On the other hand, “a well designed cybersecurity framework will actually promote innovation,” according to Fu. The key, he added, is to use regulations to enforce the implementation of longstanding cybersecurity principles, but not specific technologies or mechanisms, which can quickly change and become outdated.
“It will be very difficult to build in security if we don't have these principles set in place, and it needs to have buy-in from industry. It needs to have government leadership as well,” said Fu. “But it's all about setting those principles, many of which are already known for over 30 years in the cybersecurity community.”
In his testimony, Dale Drew, SVP and CSO at telecom and ISP firm Level 3 Communications, said that before the U.S. imposes regulation, a good place to start “would be to define a set of standards for manufacturers to meet pre-market for security.” Currently, too much attention is placed on how these devices should be operated, as opposed to how manufacturers can make them secure in the first place, he opined. To the extent that such standards can apply pressure globally on device-makers, “I think that we can get some traction and some momentum before we have to start regulating.”
In the meantime, Rep. Jan Schakowsky (D-Ill.) called on existing watchdog agencies including the FTC to play a more active, leading role in holding companies accountable for inadequate cybersecurity protections.
“Given the nature of cyberattacks, we cannot count on IoT manufacturers to do the right thing on their own,” said Schakowsky, ranking member of the Subcommittee on Commerce, Manufacturing and Trade. “They have little financial incentive to improve security and their customers may not even realize when their devices are being used to harm others.”

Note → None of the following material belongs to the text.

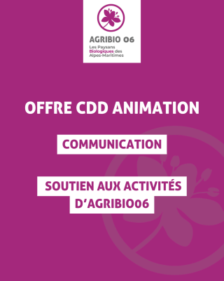 OFFRE CDD - Animateur(trice) en charge de la communication/ soutien aux activités d’Agribio06

The threat of DDoS attacks, especially those caused by hijacked IoT devices, is growing rapidly year over year. According to Akamai Technologies' latest quarterly State of the Internet/Security Report – released last Tuesday – the total number of DDoS attacks in Q3 2016 increased by 71 percent, compared to the same period last year. Moreover, attacks featuring bandwidths of greater than 100 Gbps increased by 138 percent.
According to Drew's testimony, approximately 2 million IoT devices were at one point affected by the Mirai botnet malware or its predecessor Bashlite – only a fraction of which (100,000, according to Dyn) were used in the Oct. 21 DDoS attack that barraged Domain Name System service provider Dyn with malicious traffic, in turn disabling numerous major websites.
“The Internet as a whole has taken steps to neuter portions of [the threat], but it's still a 1.5, 1.6 million-strong-node botnet,” said Drew to Congress. “The saving grace we've had so far is that no one's been able to afford to rent all 1.7 million nodes. They've been renting them at 80 to 150 thousand nodes at a time. Our biggest fear is that another adversary sees the power of this total force and begins to adopt attacks that follow a similar nature.”